Continuando
la marcia di avvicinamento all’Albania, ho letto Non c’è dolcezza di Anilda Ibrahimi, di cui mi era piaciuto molto
il fresco Rosso come una sposa e
molto, molto meno L’amore e gli stracci
del tempo. Neanche Non c’è dolcezza
mi ha convinta granché. C’è una storia anche troppo melodrammatica ma poco
chiara, in certi punti tirata via in scene troppo sintetiche e superficiali.
Forse una vicenda simile, che sbocca in tragedia per poi tornare sui propri
passi, avrebbe bisogno di un passo antico, un tono da romanzo ottocentesco, e
anche di una costruzione psicologica più solida. Così com’è non acchiappa, non
emoziona malgrado sia del genere che sulle emozioni fa continuamente leva, tra
maternità e allattamenti, segreti letteralmente sepolti e segreti svelati.

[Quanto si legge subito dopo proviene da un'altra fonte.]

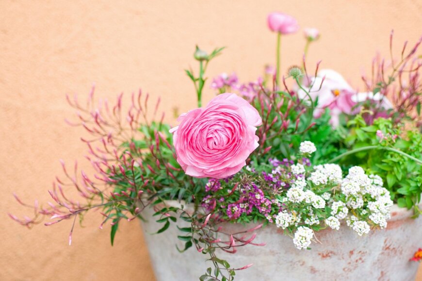 バラに似た、ゴージャスな花がひときわ目を引くラナンキュラスの別名はハナキンポウゲ。早春から春にかけて咲くキンポウゲ科の多年草です。オレンジや黄色、ピンクや赤のほか、グラデーションカラーなど、カラーバリエーションが豊富。
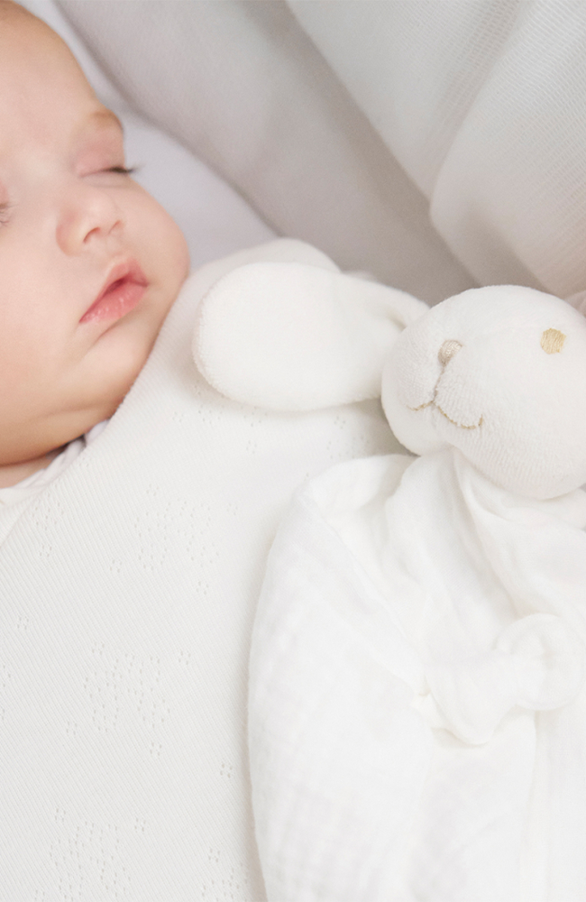 Augustin är en mjuk och elegant snuttefilt i ekologisk bomull, skapad för att trösta, lugna och följa med i de allra första drömmarna. Med sina långa öron att greppa, ett mjukt uttryck och kabelstickad struktur blir Augustin snabbt en trygg liten vän.
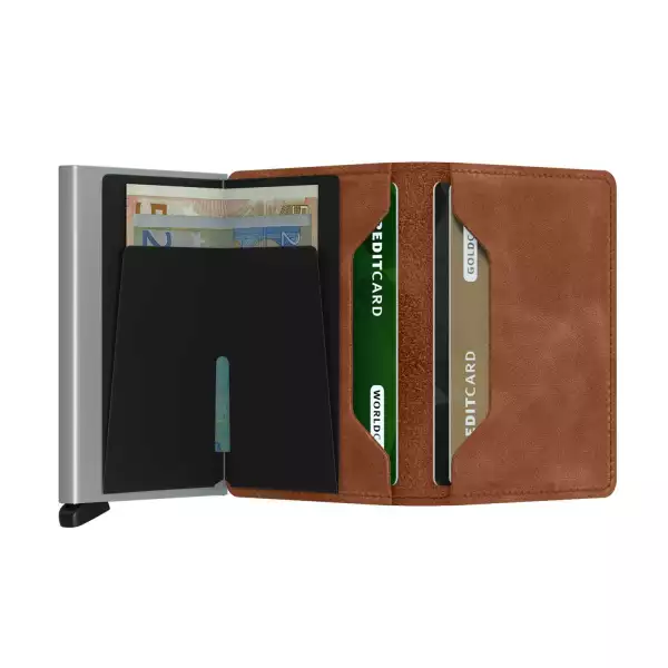 Das Slimwallet von Secrid besteht aus einem Cardprotextor aus Aluminium und einer Hülle aus hochwertigem Leder. In dem Cardprotector können bis zu vier Karten mit oder sechs Karten ohne Prägung untergebracht werden. Zudem ist in der Lederhülle Platz für sechs weitere Karten, sowie für Banknoten und Belege.
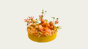 An Eid fruit tray with flowers is a festive, artfully crafted centerpiece that blends vibrant fruit with floral elegance.
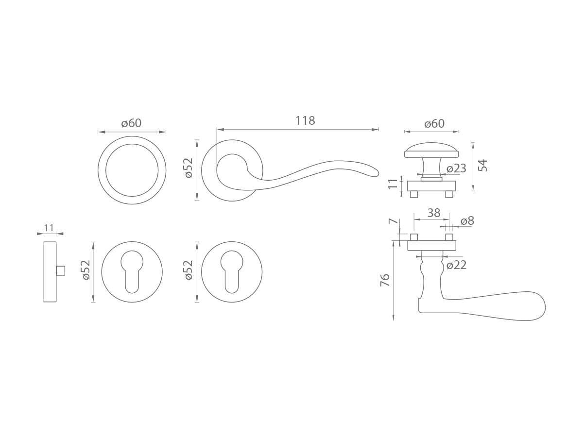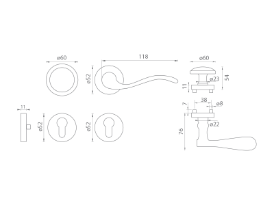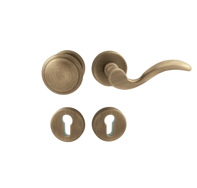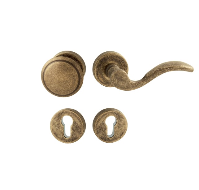 Rozetová kľučka na vchodové a bezpečnostné dvere so spevnenou okrúhlou rozetou bez prekrytia cylindrickej vložky je vyrobená z materiálov vysokej kvality – mosadz a je povrchovo upravená. Okrúhla rozeta má priemer 52 mm a hrúbku 11 mm.
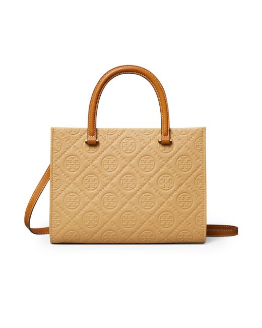Crafted of pebbled leather, this Tory Burch tote bag features embossed T monograms and contrast smooth leather details. Two top handles Removable shoulder strap Magnetic closure Leather Lining: polyurethane Imported SIZE About 9.75"W x 7.5"H x 4.5"D. Handbags - Tory Burch Handbags > Tory Burch > Saks Fifth Avenue. Tory Burch. Color: Tan.

Anilda Ibrahimi scrive molto bene, è capace di raccontare benissimo un mondo a
metà tra arcaismi e modernità, ma sembra sempre sul limite, come se non volesse
essere troppo legata a quella Albania semplice e contadina cui le sue storie
riportano. Inoltre penso che non giovi la scelta della narrazione al
presente, che diluisce l’aspetto narrativo in una serie di scene staccate e
toglie peso e profondità all’aspetto accattivante dell’ambientazione lontana nel tempo e
nello spazio. In un villaggio in riva al mare che possiamo immaginare dalla
parti della sua natia Valona, due ragazze, Lila di famiglia benestante e Eleni
figlia di un pastore, stringono un’amicizia strettissima sulla base dell’amore
condiviso per Andrea, un ragazzo bellissimo che non le guarda neppure.

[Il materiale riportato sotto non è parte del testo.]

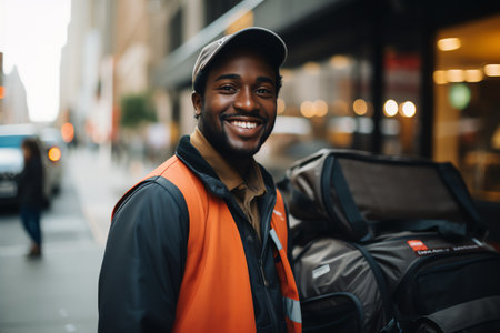 depicts a diligent parcel delivery worker. Show them with a uniform, carrying a stack of packages,
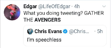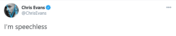 “美队”Chris Evans在推特上发文:I'm speechless(无语)。
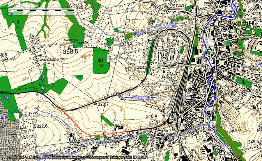 km 37,7 zwischen Weida Altstadt und Loitsch-Hohenleuben - Blick Richtung Weida - Werdau
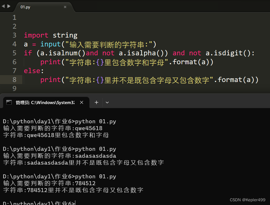 print("字符串:{}里并不是既包含字母又包含数字".format(a))
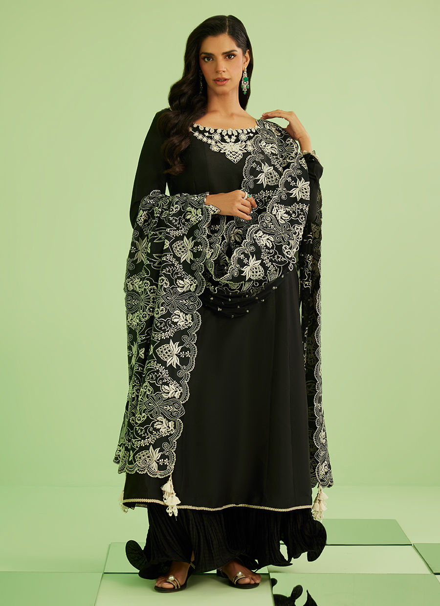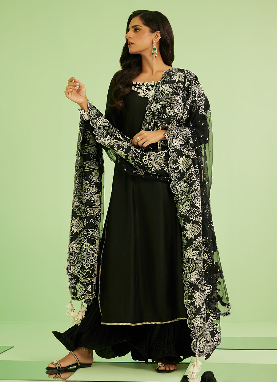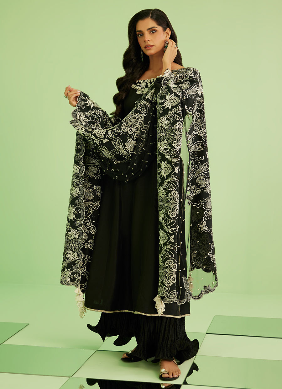 Color: Jet Black with Ivory Embroidery Accents Work Details: Intricately embroidered neckline featuring delicate ivory threadworkNet dupatta adorned with detailed embroidery and scalloped raw silk bordersKhalidar enhanced with subtle chan texture, adding depth and richnessFinished with fine craftsmanship for a refined, luxurious appeal

Crescendo la vita le divide, Lila sposa il fratello di Andrea e vive nella
capitale, Eleni rimane al villaggio aspettando chissà che. Quando il suo
destino si presenta, è molto più crudele di quello che potrebbe sembrare, e
ritorna a intrecciarsi indissolubilmente con quello di Lila. Protagonista è il
bambino Arlind, la cui nascita è un insormontabile ostacolo tra le due amiche. E
qui mi fermo perché il plot è articolato e rivelare gli snodi narrativi sarebbe
una cattiveria. Intanto intorno il mondo cambia, il regime comunista che ha
retto l’Albania dal 1946 al 1990 crolla portando con sé le vite di molti,
niente rimane uguale a come lo conoscevano i personaggi del romanzo, e questa è
la parte più affascinante su cui mi sarebbe piaciuto che Anilda Ibrahimi si
soffermasse di più. Però forse non può lasciarsi andare ai ricordi, alla
nostalgie dell’infanzia, per lo stigma obbligatorio che ogni regime comunista
ormai si porta con sé. Mi ha molto interessato il rapporto tra i contadini e i
gitani, di grande simpatia e affinità, anche una certa ammirazione da parte
degli abitanti del villaggio per i quali l’arrivo annuale dei gitani era una
grande festa. Questa armonia crolla dopo il 1990 come altre sicurezze, e i
gitani ne subiscono amarissime conseguenze.
Un
romanzo che mi ha lasciata un po’ insoddisfatta, ma che sicuramente piacerà a
chi cerca una narrazione moderatamente esotica, molto di pancia, molto di
donne, molto leggibile, di superficie, veloce, leggera malgrado la drammaticità delle vicende.
Magari sono io che non l’ho saputa apprezzare.